Dash, one of the token success stories to emerge from Venezuela, has risen to the occasion. It goes directly to the source (here, cafeterias of schools and universities) to empower young Venezuelans to take back a semblance of control in their financial lives. While the demo is Dash-centric, showcasing the coin as a payment mechanism, the sales-esque nature of the pitch and lecture doesn't nullify the larger impact - edging a population closer to a basic literacy in digital money and cryptocurrencies. Cryptogene, a Nigerian blockchain startup, has it sights on similar informational objectives in Africa.
Sometimes, however, the leap-frog brought about by financial literacy campaigns involves products less foreign than crypto. In South Africa, traditional banks can roll-out branchless banking through Wizzit's mobile technology onboarding platform. While Wizzit's concept of digital banking isn't exactly breaking the mold, its method of finding and priming outside-of-the-box clientele is worth a pause.
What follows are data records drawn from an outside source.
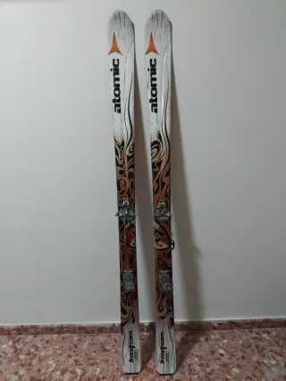 Equipo de esquís de travesía Atomic con un diseño llamativo. - Marca: Atomic - Modelo: Freeride - Diseño con motivos tribales y flameados en tonos blancos, dorados y negros. - Fijaciones incluidas. - botas del 44. La bota del pie izquierdo le falta la suela de interior se despegó pero apenas se nota. Con una plantilla o sin ella va bien. - juego de pieles de foca y cuchillas todo en perfecto estado . Si puede ser se ENTREGA EN PERSONA .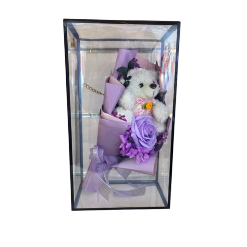 Κουτί δώρου με ανθοδέσμη και αρκουδάκι σε μωβ χρώμα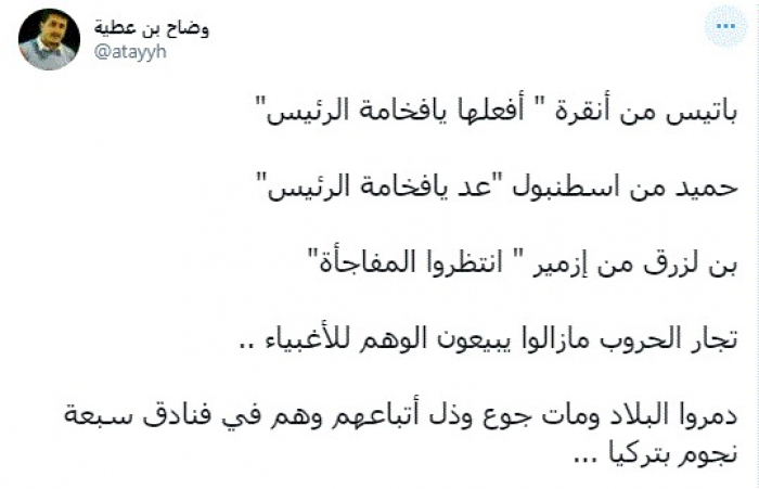 وقال في تغريدة عبر "تويتر" رصدها "المشهد العربي": "باتيس من أنقرة أفعلها يافخامة الرئيس.. حميد من إسطنبول عد يافخامة الرئيس.. بن لزرق من إزمير انتظروا المفاجأة.. تجار الحروب مازالوا يبيعون الوهم للأغبياء".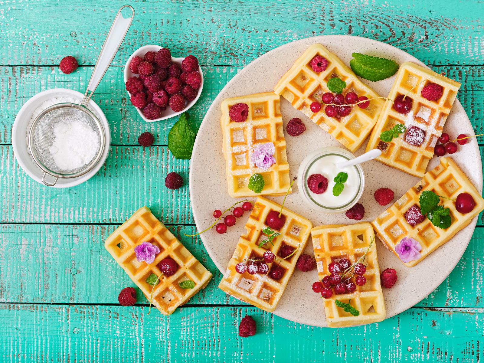 Wallpaper Wafers with raspberries and red currants on a plate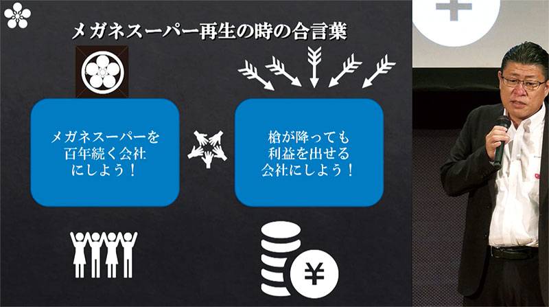 当時、ファンド主導で経営改革を進めていたものの事態は好転せず、社内の士気は下がっていくばかり。そうした中、僕は「メガネスーパーを100年続く会社にしよう」「槍が降っても利益を出せる会社にしよう」を合言葉に、改革を進めていきました。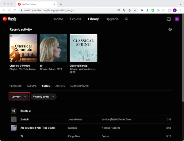 4. Las canciones subidas se mostrarán en Biblioteca – CANCIONES – Subidas. La música que subas puede tardar algún tiempo en aparecer en tu biblioteca, incluso después de que se haya subido correctamente.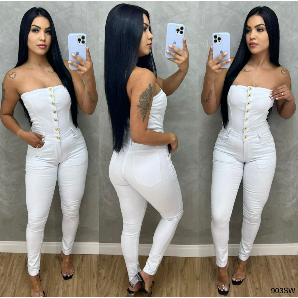 Macac o Jeans Branco Sem Al a Longo com Lycra Pimenta Doce Very well made.

Wizzkids, who hail from the same communities they operate in and were formerly unemployed, are brand ambassadors tasked with improving both financial literacy and Wizzit's reception. For each conversion (here defined as an account sign-up), they receive commission. In addition, they receive annuity income based on the transaction level of the account holders, thereby incentivizing a long-term arc between Wizzkids and their customers.
Wizzit's strategy is just one of a series in which commercial sense overlaps with the greater public good of financial literacy. And, with the short-comings of current financial literacy policy on full display, this isn't a case of either or (or public or private), but a case of all hands on-deck.